Canon EOS 80D w naszych rękach
1. Canon EOS 80D w naszych rękach
![]() |
Spoglądając na najnowszego EOS-a i jego poprzednika, łatwo zauważymy, że oba modele są bardzo do siebie podobne. Dotyczy to zarówno rozmiarów jak i kształtu korpusu. Wymiary 80D wynoszą 139.0×105.2×78.5 mm i jedynie w wysokości widać minimalną różnicę w stosunku do 70D. Nowy EOS jest bowiem o 0.9 mm wyższy od poprzednika. Również waga obu aparatów jest podobna. Korpus Canona 80D waży 730 gramów (łącznie z akumulatorem i kartą pamięci), a tym samym jest o 25 gramów lżejszy od 70D. Zmiany w kształcie samego korpusu są właściwie kosmetyczne i dopiero uważne porównanie obu aparatów pozwala je wyłapać. Przy okazji można też zauważyć nieznaczne zmiany w kształcie niektórych elementów sterujących.
![]() |
![]() |
![]() |
Na pierwszy rzut oka, do jakości wykonania 80D nie mamy szczególnych zastrzeżeń. Elementy korpusu zostały wykonane z żywicy poliwęglanowej i włókna szklanego. Poszczególne elementy są dobrze do siebie dopasowane, a cała konstrukcja zachowuje należytą sztywność. Warto dodać, że korpus nowego EOS-a został uszczelniony przed niekorzystnym wpływem warunków zewnętrznych, takich jak kurz czy wilgoć.
![]() |
![]() |
Canon EOS 80D zasilany jest akumulatorem litowo-jonowym LP-E6N. Jest to akumulator o takim samym kształcie, co użyty w przypadku poprzednika LP-E6, ale charakteryzujący się nieco większą pojemnością. Jego teoretyczna wydajność wynosi około 960 zdjęć. Aparat współpracuje oczywiście z kartami pamięci typu SD (SD, SDHC lub SDXC; kompatybilność z UHS-I). Pewne zmiany zauważymy także w obrębie gniazd.
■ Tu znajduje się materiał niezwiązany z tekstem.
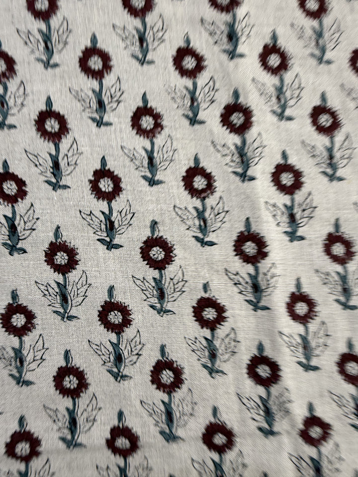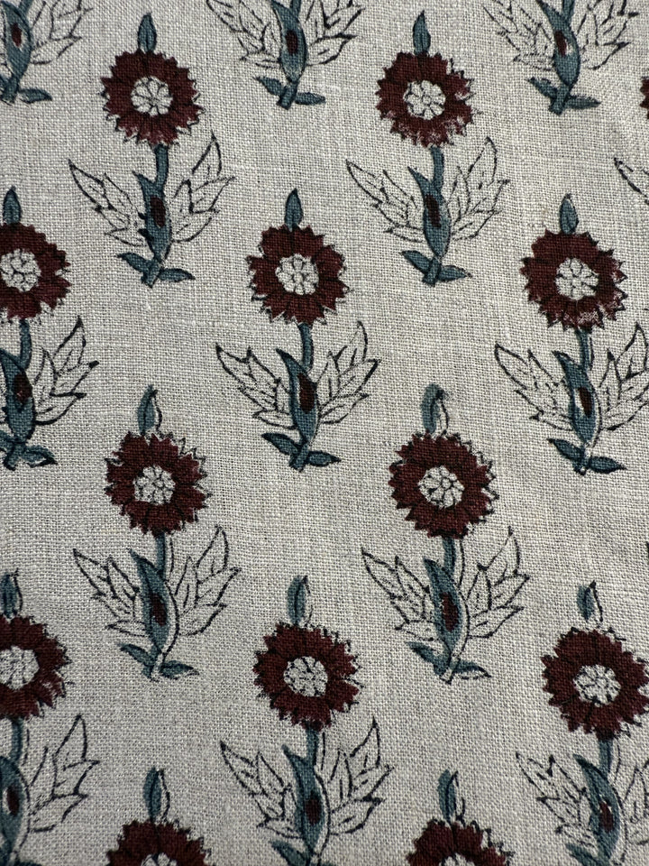 - Due to the nature of hand-printed fabrics, subtle variations are to be expected and contribute to each piece’s distinctive beauty

W nowym modelu odnajdziemy ich aż pięć i wszystkie z nich umieszczone są po lewej stronie aparatu, pod trzema oddzielnymi, gumowymi zaślepkami:
- uniwersalne złącze USB z funkcją A/V,
- złącze mini HDMI typu C,
- wejście stereofonicznego mikrofonu zewnętrznego (typu mini-jack),
- wyjście słuchawkowe,
- gniazdo opcjonalnego wężyka spustowego RS-60E3,
![]() |
![]() |
![]() |
W 80D układ elementów sterujących w zasadzie się nie zmienił w stosunku do poprzednika. Na górnej ściance zauważymy jedynie, że pokrętło trybów pracy aparatu ma więcej pozycji niż w 70D. Nowością jest dodatkowa pozycja ustawień własnych C2 oraz tryb filtrów artystycznych. Co prawda filtry artystyczne były również dostępne w 70D, jednak jedynie jako opcja podczas fotografowania w Live View.
![]() |
Układ przycisków i pokręteł na tylnej ściance jest identyczny w obu aparatach. Swój kształt zmieniły jedynie przyciski Q, trybu odtwarzania i usuwania. Zamiast dopasowanych kształtem do linii obudowy, w 80D mamy po prostu okrągłe przyciski.
![]() |
Niewątpliwie jedną z ciekawszych oraz istotnych zmian, jakie wprowadzono w 80D, jest matryca. W tym przypadku mamy bowiem do czynienia z nowym sensorem CMOS formatu APS-C o rozdzielczości 24.2 Mpix. Co prawda, matryca o takiej samej rozdzielczości znalazła się na przykład w modelach 760D i 750D, jednak w nowym EOS-ie mamy sensor wyposażony w technologię Dual Pixel CMOS AF. Natywny zakres czułości, w którym pracuje matryca nowym modelu jest taki jak w 7D Mark II, czyli ISO 100–16000, z regulacją co 1/3 EV. Zakres ten można poszerzyć o czułości programowe sięgające maksymalnie ISO 25600. Do przetwarzania sygnału spływającego z matrycy zaangażowano natomiast nowy procesor DIGIC 6.
![]() |
Kolejnym ciekawym ulepszeniem wprowadzonym w nowym EOS-ie jest nowy system automatycznego ustawiania ostrości. Z 19 do 45 wzrosła liczba punktów AF, z czego wszystkie mają charakterystykę krzyżową. Ponadto 27 punktów pozostaje aktywnych przy obiektywach z maksymalnym otworem względnym f/8, z czego 9 zachowuje charakterystykę krzyżową. W nowym modelu zwiększył się również zakres działania systemu AF, który wynosi od −3 do 18 EV.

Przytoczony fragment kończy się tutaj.